EXERCISE DIRECTIONS — Excluding pictures, transcribe precisely the lines from the one containing "1 bathroom with" to the final line of the listing below, inclusive, and nothing more.

DATASET RECORDS —
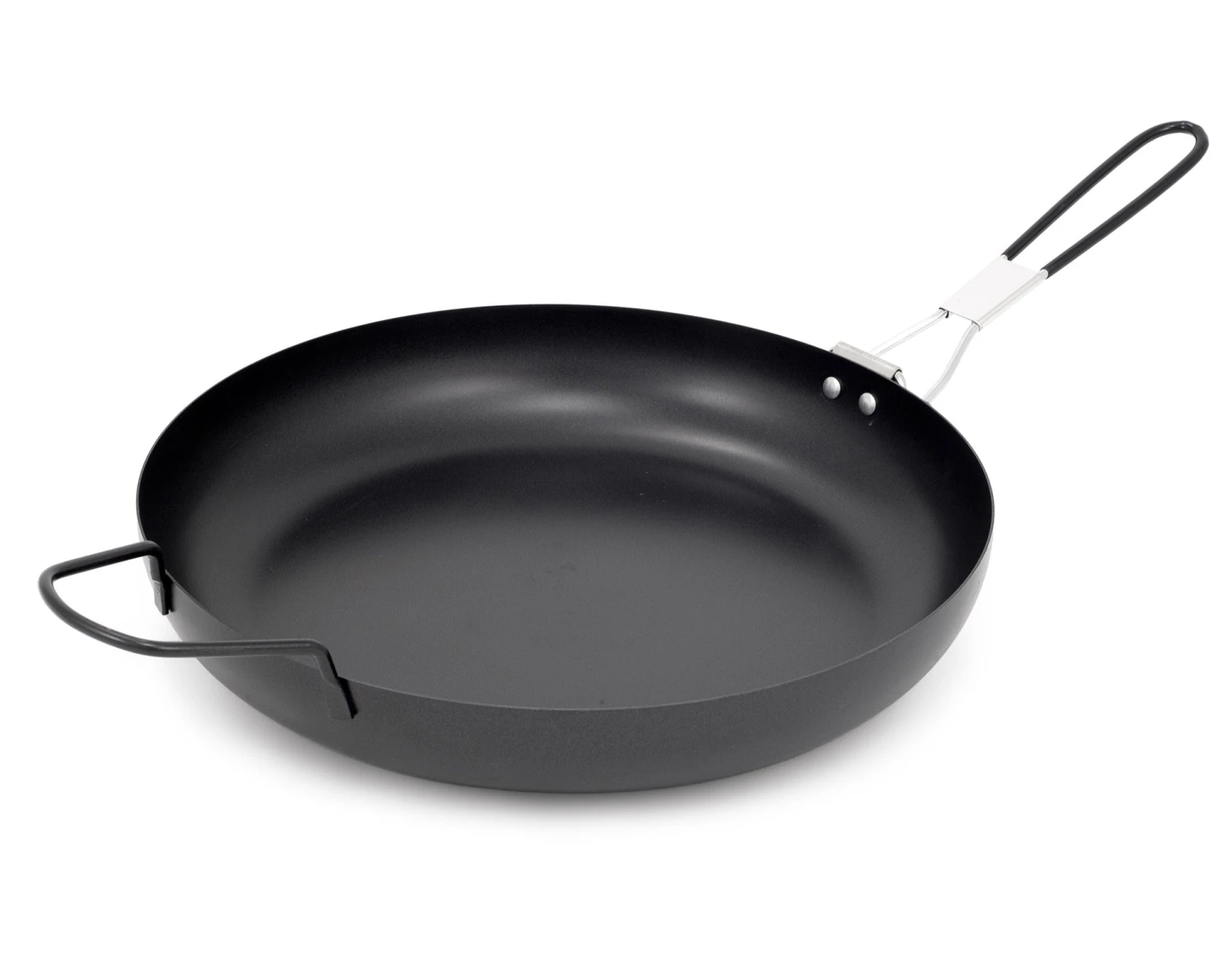 The rugged Steel Frypan is non-stick coated, a kitchen essential for gourmet meals while camping, backpacking, and relaxing at the cabin.
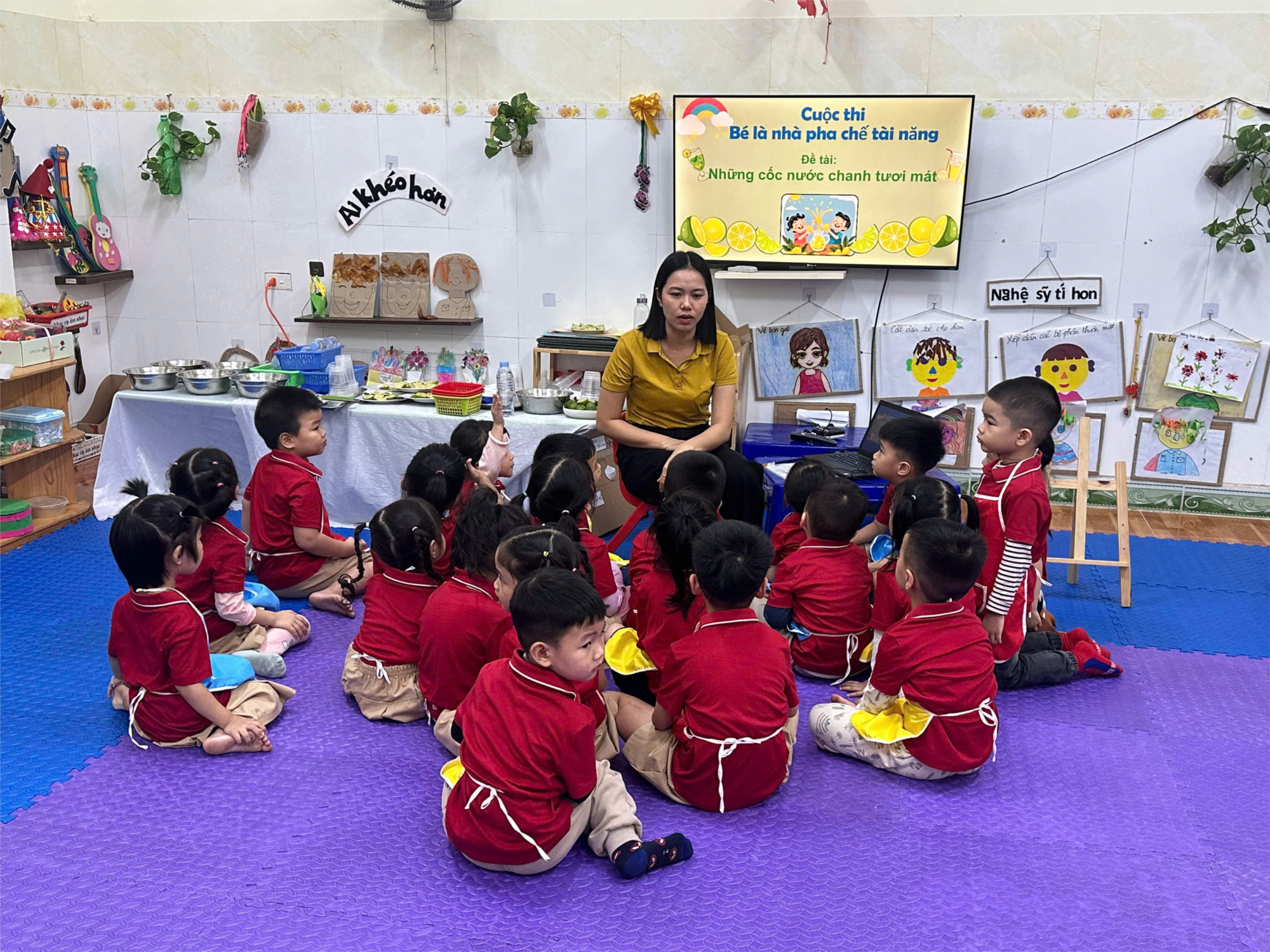 Hòa chung với không khí thi đua của nhà trường, hai cô giáo lớp 4TA1 đã mang đến hai tiết dạy vô cùng hay và sinh động. Cô Hoàng Hoa với tiết day: Bé pha nước chanh và cô Loan với tiết dạy: Bé khám phá quả cam. Các bé đã được các cô mang đến rất nhiều bất ngờ và những điều thú vị trong hai tiết dạy. Chúng mình cùng xem một số hình ảnh của hai tiết dạy nhé.
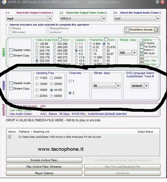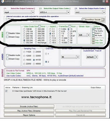Buongiorno, ho scaricato e installato sia il primo super sia quello consigliato successivamente (build.32) ma con tutti e due mi da errore, praticamente imposto tt come scritto sopra poi clicco encoding e parte una prima striscia verde che appena completata lascia il posto all’errore, più o meno è questo:
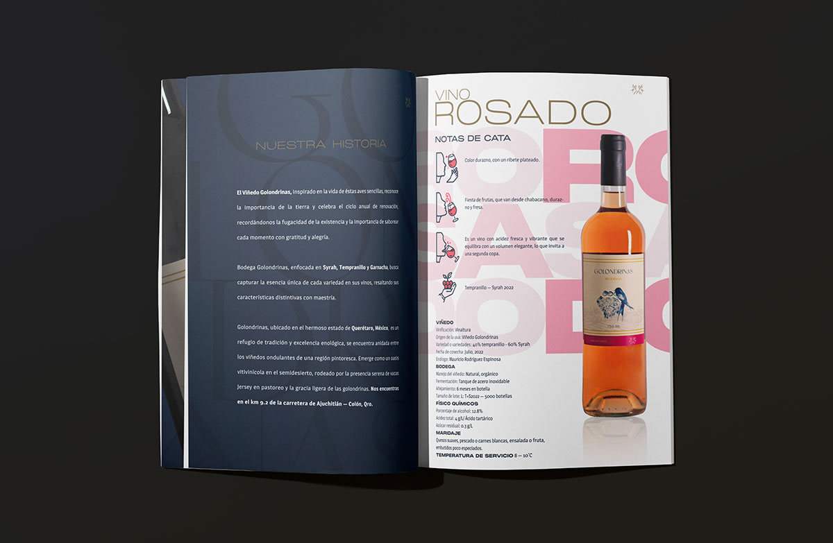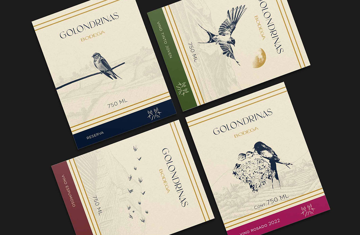 Label Design for Golondrinas Wine (Querétaro, Mexico). Inspired by the cyclical and earth-bound life of the swallow (golondrina), the design for the Reserva, Joven, Rosado, and Espumoso varieties celebrates renewal and invites us to savor the present with gratitude.
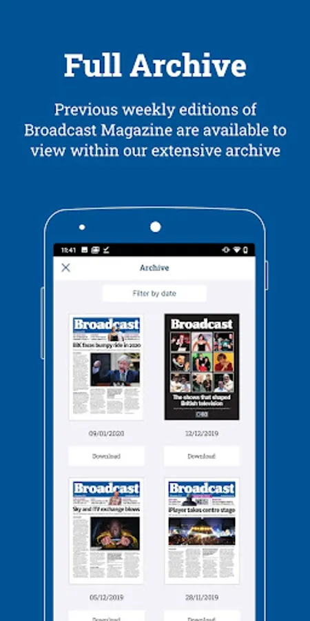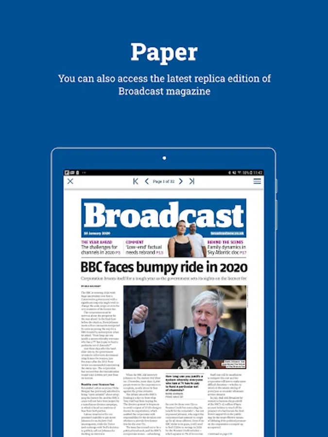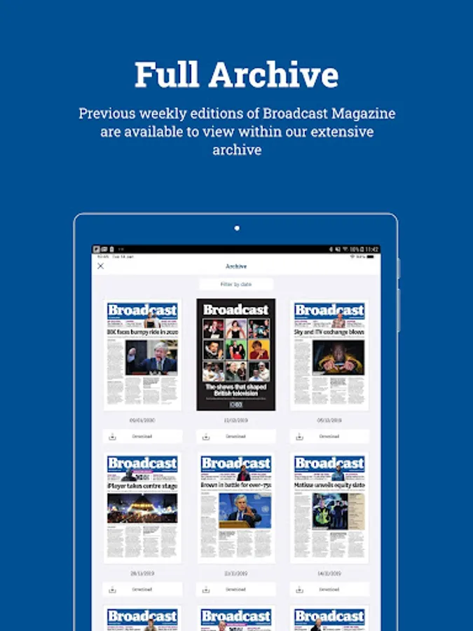 • Broadcast – download the latest issue to your tablet App and read on or offline
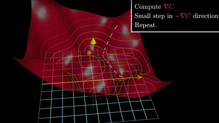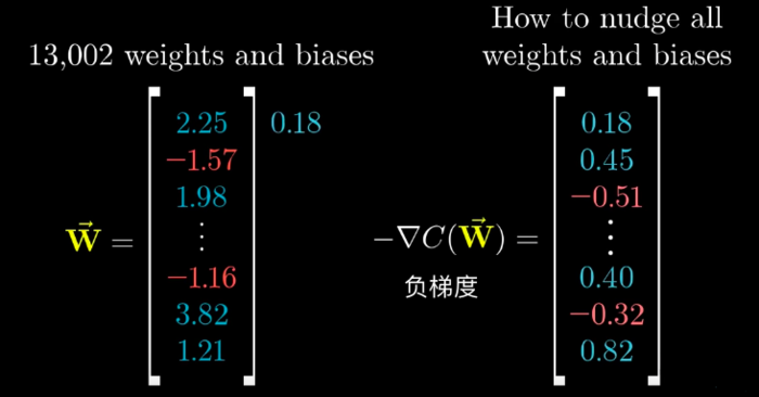 经过这样的算法,多维曲面的梯度的每个维度(对应13002个权重和偏置),然后把这个梯度叠加到原来的13002个权重和偏置上去,重新计算,就会产生新的Cost,然后再反向计算回去,调整新的权重和偏置,以此往复,直到最后13002个权重和偏置产生的运算结果最接近我们的期望结果。
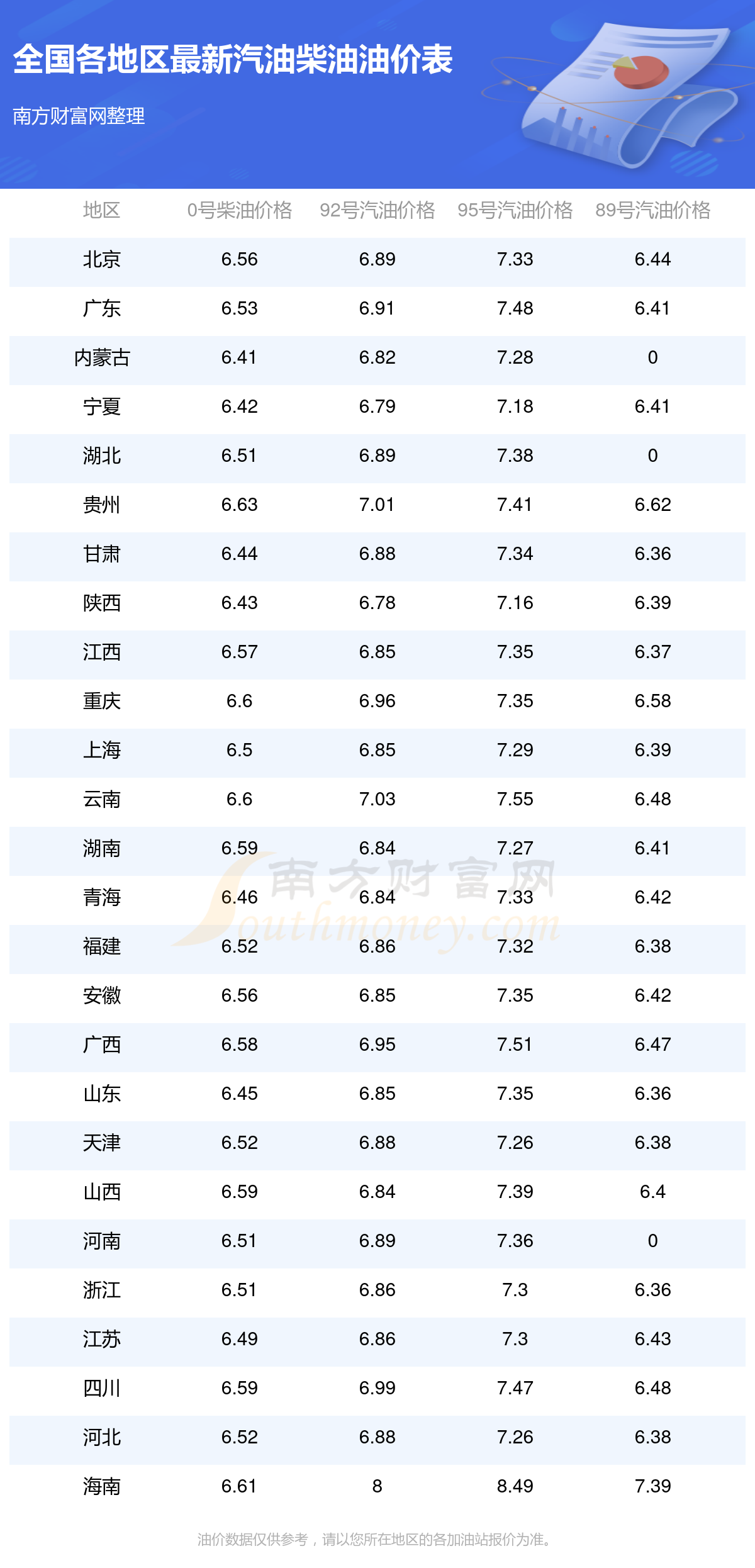 2025年12月2日全國(guó)油價(jià)調(diào)整及最新汽油價(jià)格表
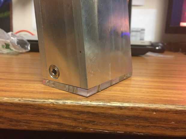Este paso consiste en láser corte dos pedazos de acrílico para la base y parte superior de la lámpara. Para la base, use un trozo grueso 1/4" o 1/8" de acrílico y laser cortado en un rectángulo para la parte inferior de la lámpara. Asegúrese de que crear 4, tamaño correcto a través de orificios para los tornillos de su 4 bronce. Como se muestra arriba, estos tornillos se fije en los 4 agujeros roscados en el montaje de la base.
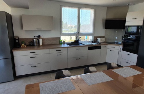 1 bathroom with a large walk-in shower and double sink. Separate toilet. Two bedrooms with a 140 x 200 cm bed and two bedrooms with a 140 x 200 cm bed and a 90 x 200 cm bed on the mezzanine. A large walk-in closet is shared by all four bedrooms (board games available). On the ground floor, a bathroom with toilet. Laundry area with washing machine and dryer, with games on site (badminton net and racket, Molky, adult and child pétanque set, wooden shuffleboard, beach racket).
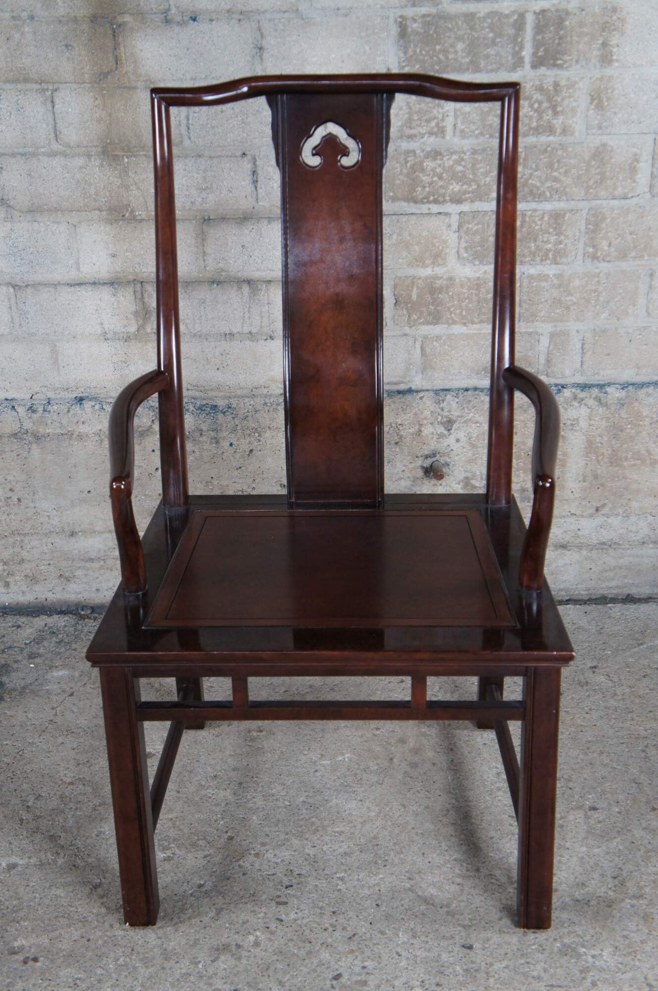 Six vintage 1980s Mandarin collection dining chairs by White Furniture. Made of mahogany and burl, with Ming style form. Featuring burled and pierced back splat and Chinese symbol upholstered cushions.

COMPLETED TASK —
 1 bathroom with a large walk-in shower and double sink. Separate toilet. Two bedrooms with a 140 x 200 cm bed and two bedrooms with a 140 x 200 cm bed and a 90 x 200 cm bed on the mezzanine. A large walk-in closet is shared by all four bedrooms (board games available). On the ground floor, a bathroom with toilet. Laundry area with washing machine and dryer, with games on site (badminton net and racket, Molky, adult and child pétanque set, wooden shuffleboard, beach racket).
 Six vintage 1980s Mandarin collection dining chairs by White Furniture. Made of mahogany and burl, with Ming style form. Featuring burled and pierced back splat and Chinese symbol upholstered cushions.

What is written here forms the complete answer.